Set the `NCCL_SOCKET_IFNAME` environment variable to use the internal network:

```bash theme={"theme":{"light":"github-light","dark":"github-dark"}}
export NCCL_SOCKET_IFNAME=ens1
```

By default, `NCCL_SOCKET_IFNAME` uses all available interfaces. However, explicitly setting it to `ens1` ensures NCCL uses the high-bandwidth internal network.

<Warning>
  Without this configuration, nodes may attempt to communicate using external IP addresses in the 172.xxx range, which are reserved for internet connectivity only.
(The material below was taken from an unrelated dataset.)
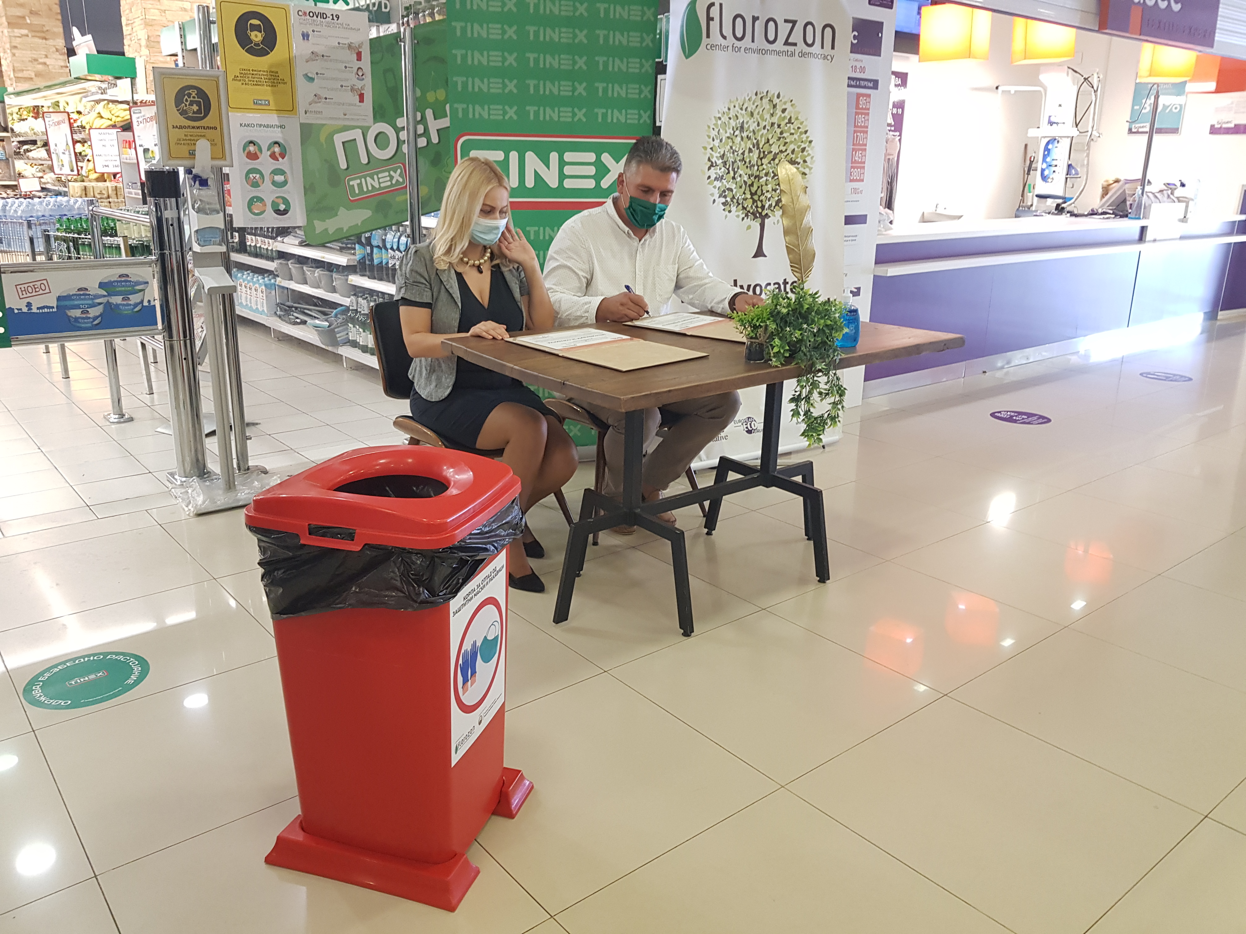 Today, on 12.08.2020, at 10 AM, in t.c. Zebra (Kapishtec) in front of the Tinex market entrance a press conference was held for signing a Memorandum of Cooperation between the CED Florozon, PC Communal Hygiene Skopje and Tinex Markets for the project “Be responsible for yourself and for our env ronment during the pandemic”, financially supported through the Department for Cooperation with Non-Governmental Organizations at the General Secretariat of the Government of the Republic of North Macedonia.

This will result in connection timeouts and failed distributed training jobs.
</Warning>

### Debugging NCCL

To troubleshoot multi-node communication issues, enable NCCL debug logging:

```bash theme={"theme":{"light":"github-light","dark":"github-dark"}}
export NCCL_DEBUG=INFO
```

This outputs detailed information about NCCL's network discovery and communication attempts, helping identify configuration issues.

## Troubleshooting

### Connection timeouts during distributed training

**Symptom:** Training jobs fail with connection timeout errors between nodes.

**Cause:** NCCL is attempting to communicate over the external network interface (`eth0`) instead of the internal interfaces (`ens1`-`ens8`).

**Solution:** Set the `NCCL_SOCKET_IFNAME` environment variable:

```bash theme={"theme":{"light":"github-light","dark":"github-dark"}}
export NCCL_SOCKET_IFNAME=ens1
```

### Nodes cannot find the primary node

**Symptom:** Worker nodes fail to connect to the primary node during initialization.

**Cause:** The `PRIMARY_ADDR` or `MASTER_ADDR` environment variable is not being used correctly in your distributed training script.

**Solution:** Verify your script uses the `PRIMARY_ADDR` environment variable for the rendezvous address. For PyTorch distributed training:

```python theme={"theme":{"light":"github-light","dark":"github-dark"}}
import os

master_addr = os.environ.get("PRIMARY_ADDR", "localhost")
master_port = os.environ.get("PRIMARY_PORT", "29500")
```

### Inconsistent training performance

**Symptom:** Training speed varies significantly between runs or degrades over time.

**Cause:** Network congestion or suboptimal NCCL configuration.

**Solution:**

1. Ensure all nodes are in the same data center (Runpod handles this automatically).
2. Enable NCCL debugging to identify bottlenecks: `export NCCL_DEBUG=INFO`
3. Verify your batch sizes are appropriate for the cluster size to maintain efficient GPU utilization.